Saved data entries
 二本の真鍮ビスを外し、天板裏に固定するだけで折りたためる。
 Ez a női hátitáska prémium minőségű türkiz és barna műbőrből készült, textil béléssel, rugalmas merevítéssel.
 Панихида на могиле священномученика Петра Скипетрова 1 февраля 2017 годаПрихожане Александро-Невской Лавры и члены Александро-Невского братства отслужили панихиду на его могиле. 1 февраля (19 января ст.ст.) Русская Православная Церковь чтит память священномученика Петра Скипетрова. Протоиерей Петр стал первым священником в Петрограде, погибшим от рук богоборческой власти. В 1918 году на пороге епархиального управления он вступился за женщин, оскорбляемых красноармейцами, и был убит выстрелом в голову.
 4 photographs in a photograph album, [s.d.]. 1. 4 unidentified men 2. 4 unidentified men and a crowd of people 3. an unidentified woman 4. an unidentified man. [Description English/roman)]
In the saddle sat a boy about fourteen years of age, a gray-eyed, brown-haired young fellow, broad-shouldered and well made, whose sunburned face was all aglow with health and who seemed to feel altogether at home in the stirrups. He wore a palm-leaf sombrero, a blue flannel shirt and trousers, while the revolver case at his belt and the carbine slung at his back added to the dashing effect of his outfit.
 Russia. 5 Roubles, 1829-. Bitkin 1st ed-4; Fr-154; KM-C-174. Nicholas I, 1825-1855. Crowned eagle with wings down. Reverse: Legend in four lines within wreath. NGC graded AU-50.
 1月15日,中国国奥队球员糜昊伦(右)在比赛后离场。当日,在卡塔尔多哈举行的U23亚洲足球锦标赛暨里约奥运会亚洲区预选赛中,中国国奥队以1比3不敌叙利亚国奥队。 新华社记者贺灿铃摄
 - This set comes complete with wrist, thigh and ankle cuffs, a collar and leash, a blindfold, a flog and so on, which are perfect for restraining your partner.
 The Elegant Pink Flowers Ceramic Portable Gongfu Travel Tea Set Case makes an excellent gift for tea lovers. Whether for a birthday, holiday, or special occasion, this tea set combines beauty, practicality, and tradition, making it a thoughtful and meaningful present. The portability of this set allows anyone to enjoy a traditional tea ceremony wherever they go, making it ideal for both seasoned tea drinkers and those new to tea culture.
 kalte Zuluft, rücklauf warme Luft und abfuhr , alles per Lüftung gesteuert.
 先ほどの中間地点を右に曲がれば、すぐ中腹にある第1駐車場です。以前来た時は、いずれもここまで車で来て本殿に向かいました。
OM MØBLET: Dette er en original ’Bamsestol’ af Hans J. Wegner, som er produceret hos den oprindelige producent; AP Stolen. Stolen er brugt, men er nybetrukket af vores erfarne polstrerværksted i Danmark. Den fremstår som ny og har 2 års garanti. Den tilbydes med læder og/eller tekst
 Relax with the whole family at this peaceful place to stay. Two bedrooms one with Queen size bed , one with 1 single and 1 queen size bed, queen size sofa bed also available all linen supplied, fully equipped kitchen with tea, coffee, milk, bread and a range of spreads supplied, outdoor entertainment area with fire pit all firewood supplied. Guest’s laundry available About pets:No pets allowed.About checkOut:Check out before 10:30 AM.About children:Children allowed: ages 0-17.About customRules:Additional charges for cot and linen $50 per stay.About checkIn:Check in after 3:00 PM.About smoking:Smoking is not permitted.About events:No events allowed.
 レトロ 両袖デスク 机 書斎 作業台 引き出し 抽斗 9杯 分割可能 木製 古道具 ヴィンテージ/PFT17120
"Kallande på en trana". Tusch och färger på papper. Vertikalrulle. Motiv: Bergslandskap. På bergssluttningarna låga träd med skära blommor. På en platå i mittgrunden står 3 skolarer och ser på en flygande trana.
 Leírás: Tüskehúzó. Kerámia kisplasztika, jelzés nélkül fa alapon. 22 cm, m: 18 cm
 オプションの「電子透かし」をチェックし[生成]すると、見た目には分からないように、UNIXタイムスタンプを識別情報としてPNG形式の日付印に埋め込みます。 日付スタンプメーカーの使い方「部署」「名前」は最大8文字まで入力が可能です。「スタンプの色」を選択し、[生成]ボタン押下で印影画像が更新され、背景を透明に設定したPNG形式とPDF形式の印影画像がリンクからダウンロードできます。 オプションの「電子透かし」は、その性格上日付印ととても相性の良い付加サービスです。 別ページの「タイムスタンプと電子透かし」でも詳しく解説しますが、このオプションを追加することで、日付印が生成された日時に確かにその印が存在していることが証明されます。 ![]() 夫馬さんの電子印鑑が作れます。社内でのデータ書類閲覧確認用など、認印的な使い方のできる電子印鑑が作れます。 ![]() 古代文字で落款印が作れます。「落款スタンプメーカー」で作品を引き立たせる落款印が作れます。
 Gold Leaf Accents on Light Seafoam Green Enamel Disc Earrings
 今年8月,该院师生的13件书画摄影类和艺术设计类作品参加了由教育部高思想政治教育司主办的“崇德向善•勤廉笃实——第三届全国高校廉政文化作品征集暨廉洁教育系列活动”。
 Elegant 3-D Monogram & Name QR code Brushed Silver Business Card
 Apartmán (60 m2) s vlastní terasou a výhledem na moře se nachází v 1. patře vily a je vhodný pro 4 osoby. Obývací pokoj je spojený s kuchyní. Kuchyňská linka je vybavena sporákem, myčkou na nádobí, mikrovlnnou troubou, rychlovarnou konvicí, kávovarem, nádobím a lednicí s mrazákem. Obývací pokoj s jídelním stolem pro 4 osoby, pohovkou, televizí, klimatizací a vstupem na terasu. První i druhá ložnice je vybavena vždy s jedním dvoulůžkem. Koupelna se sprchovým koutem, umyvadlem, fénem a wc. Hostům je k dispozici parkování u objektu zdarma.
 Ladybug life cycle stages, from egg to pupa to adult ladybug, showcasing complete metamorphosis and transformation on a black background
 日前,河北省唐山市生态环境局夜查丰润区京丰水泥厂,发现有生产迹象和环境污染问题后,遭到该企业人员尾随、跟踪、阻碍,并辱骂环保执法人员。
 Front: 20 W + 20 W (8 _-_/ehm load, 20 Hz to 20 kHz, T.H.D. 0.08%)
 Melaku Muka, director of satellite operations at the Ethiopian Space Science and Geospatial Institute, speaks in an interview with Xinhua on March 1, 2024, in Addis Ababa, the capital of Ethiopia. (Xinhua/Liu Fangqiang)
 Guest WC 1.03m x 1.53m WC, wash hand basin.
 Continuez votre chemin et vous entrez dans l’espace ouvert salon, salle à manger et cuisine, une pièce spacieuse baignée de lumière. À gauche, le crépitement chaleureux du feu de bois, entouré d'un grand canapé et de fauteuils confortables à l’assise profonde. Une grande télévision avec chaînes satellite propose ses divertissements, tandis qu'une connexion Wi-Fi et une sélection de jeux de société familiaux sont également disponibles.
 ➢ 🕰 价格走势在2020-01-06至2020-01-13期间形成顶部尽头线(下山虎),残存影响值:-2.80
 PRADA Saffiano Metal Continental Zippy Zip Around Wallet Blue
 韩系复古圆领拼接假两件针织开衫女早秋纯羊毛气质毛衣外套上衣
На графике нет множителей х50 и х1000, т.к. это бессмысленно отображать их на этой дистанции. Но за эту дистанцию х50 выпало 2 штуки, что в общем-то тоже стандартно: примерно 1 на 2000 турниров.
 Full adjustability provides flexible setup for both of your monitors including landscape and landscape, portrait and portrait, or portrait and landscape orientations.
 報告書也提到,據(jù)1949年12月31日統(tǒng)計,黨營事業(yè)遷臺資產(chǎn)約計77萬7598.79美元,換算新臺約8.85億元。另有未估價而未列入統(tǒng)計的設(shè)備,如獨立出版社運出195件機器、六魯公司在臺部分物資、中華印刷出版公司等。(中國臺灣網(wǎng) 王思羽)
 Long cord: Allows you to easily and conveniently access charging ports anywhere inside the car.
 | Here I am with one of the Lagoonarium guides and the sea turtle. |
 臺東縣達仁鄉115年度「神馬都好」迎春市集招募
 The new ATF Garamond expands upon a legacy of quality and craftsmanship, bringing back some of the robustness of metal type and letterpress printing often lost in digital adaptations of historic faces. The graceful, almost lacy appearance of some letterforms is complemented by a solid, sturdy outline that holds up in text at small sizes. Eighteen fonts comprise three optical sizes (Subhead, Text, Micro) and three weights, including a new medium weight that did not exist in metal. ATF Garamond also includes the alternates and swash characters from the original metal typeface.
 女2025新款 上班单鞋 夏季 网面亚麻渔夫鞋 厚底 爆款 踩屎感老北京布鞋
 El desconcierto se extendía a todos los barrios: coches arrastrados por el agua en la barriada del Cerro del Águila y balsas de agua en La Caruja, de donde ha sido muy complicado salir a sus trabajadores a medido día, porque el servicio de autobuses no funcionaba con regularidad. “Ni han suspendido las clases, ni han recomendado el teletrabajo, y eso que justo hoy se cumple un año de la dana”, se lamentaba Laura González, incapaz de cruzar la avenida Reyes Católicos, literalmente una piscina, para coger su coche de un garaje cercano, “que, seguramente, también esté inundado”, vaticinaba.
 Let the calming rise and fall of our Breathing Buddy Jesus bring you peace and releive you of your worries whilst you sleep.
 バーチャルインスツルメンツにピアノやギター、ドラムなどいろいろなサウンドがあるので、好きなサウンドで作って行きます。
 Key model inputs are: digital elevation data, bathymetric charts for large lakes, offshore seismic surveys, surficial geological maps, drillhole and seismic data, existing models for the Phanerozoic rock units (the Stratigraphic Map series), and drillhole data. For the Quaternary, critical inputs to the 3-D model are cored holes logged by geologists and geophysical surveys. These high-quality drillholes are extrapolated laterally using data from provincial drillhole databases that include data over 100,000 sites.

## Exercise instructions:
Lines from the beginning of the data above through the line containing "Ez a női hátitáska" are to be returned exactly, and no others.

## Exercise output:
 二本の真鍮ビスを外し、天板裏に固定するだけで折りたためる。
 Ez a női hátitáska prémium minőségű türkiz és barna műbőrből készült, textil béléssel, rugalmas merevítéssel.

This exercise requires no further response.